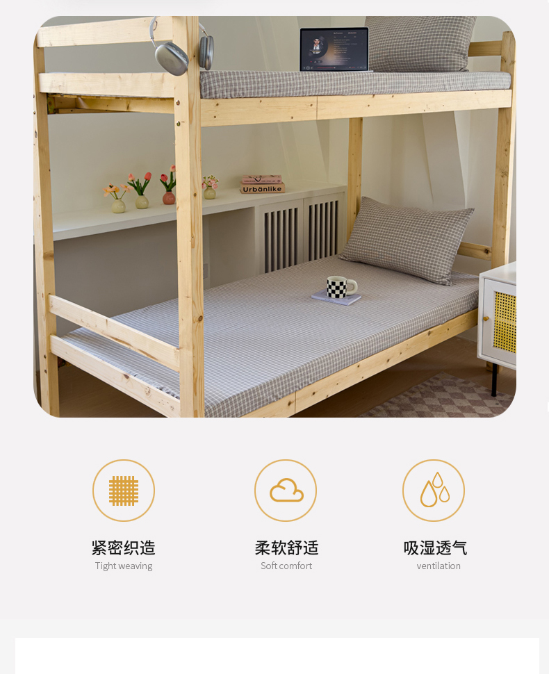 • 91家纺网 家纺一手货源 找家纺 金丝鸟家纺 2024新款A类全棉色织水洗棉单床笠系列(学生床) 浅绿红条田格
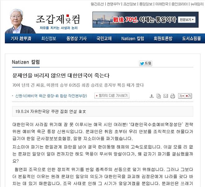 | ▲ 신원식 국방장관 후보자가 2019년 8월 서울 광화문에서 자유한국당(국민의힘 전신) 주최로 열린 집회에서 "이완용이 비록 매국노였지만 한편으론 어쩔 수 없는 측면도 있었던 것이 사실"이라고 발언한 사실이 뒤늦게 알려졌다. 사진은 해당 연설 전문이 실린 <조갑제닷컴> 홈페이지 갈무리. |
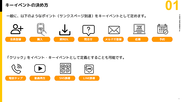 通常、これらの設定はユーザー自身で行う必要がある。では、どのようなイベントをキーイベントに設定すればよいのか。定番なのは以下のようなものだ。
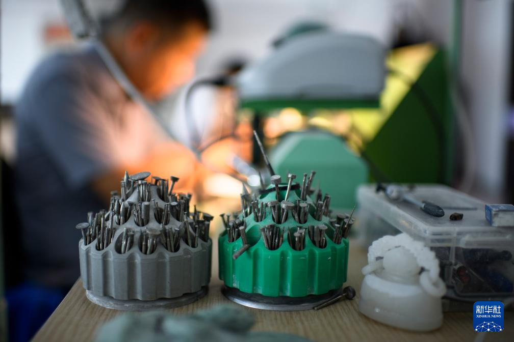 张铁成工作室内雕刻玉石的工具(6月15日摄)。
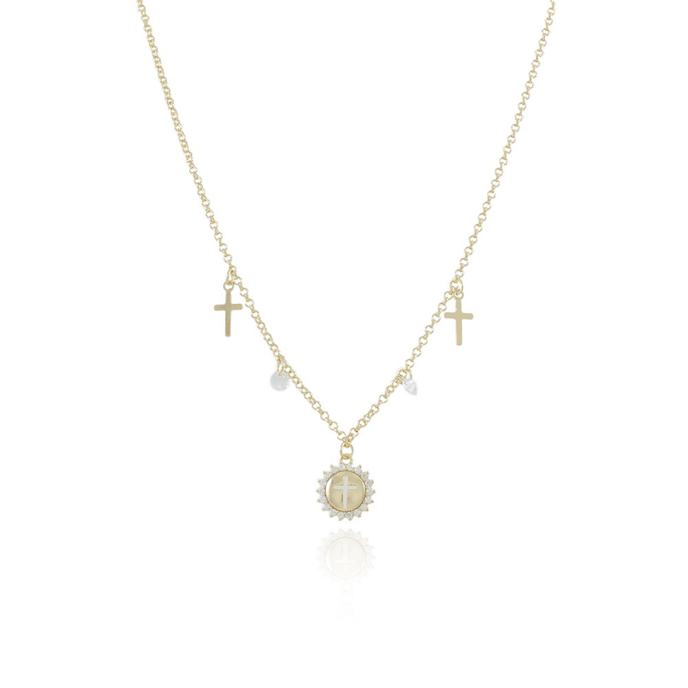 Encante-se com esse colar!Este lindo colar COM PINGENTES DE CRUZ, ZIRCÔNIAS CRISTAIS E MEDALHA CRAVEJADA COM CRUZ é feito com LATÃO BANHADO A OURO 18K de alta qualidade.
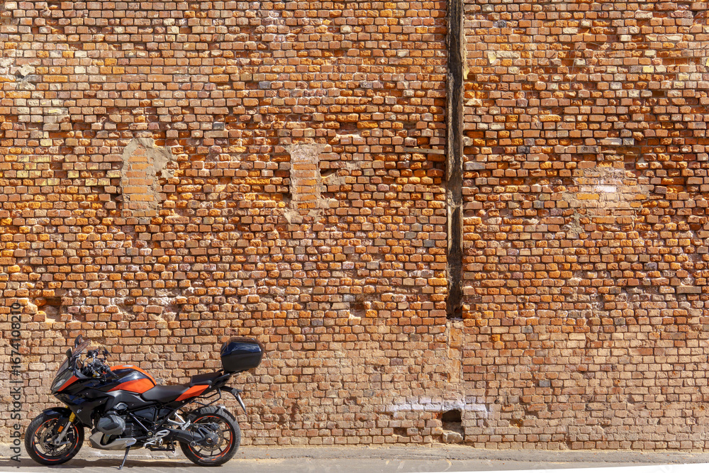 Black and orange motorcycle parked on asphalt in front of a brick wall with cracks and weathered details. The contrast between the vehicle and aged facade creates a striking composition.
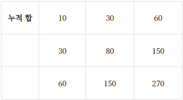 | 누적 합 | 10 | 30 | 60 | 100 | 150 |

_ _ _ _ _

• **WORK ORDER**
When copying from the data above, begin at the line containing "홈페이지 갈무리. |" and end at the line containing "Encante-se com esse"; return those lines exactly and leave all pictures behind.

• **ANSWER TO THIS EXERCISE**
 | ▲ 신원식 국방장관 후보자가 2019년 8월 서울 광화문에서 자유한국당(국민의힘 전신) 주최로 열린 집회에서 "이완용이 비록 매국노였지만 한편으론 어쩔 수 없는 측면도 있었던 것이 사실"이라고 발언한 사실이 뒤늦게 알려졌다. 사진은 해당 연설 전문이 실린 <조갑제닷컴> 홈페이지 갈무리. |
 通常、これらの設定はユーザー自身で行う必要がある。では、どのようなイベントをキーイベントに設定すればよいのか。定番なのは以下のようなものだ。
 张铁成工作室内雕刻玉石的工具(6月15日摄)。
 Encante-se com esse colar!Este lindo colar COM PINGENTES DE CRUZ, ZIRCÔNIAS CRISTAIS E MEDALHA CRAVEJADA COM CRUZ é feito com LATÃO BANHADO A OURO 18K de alta qualidade.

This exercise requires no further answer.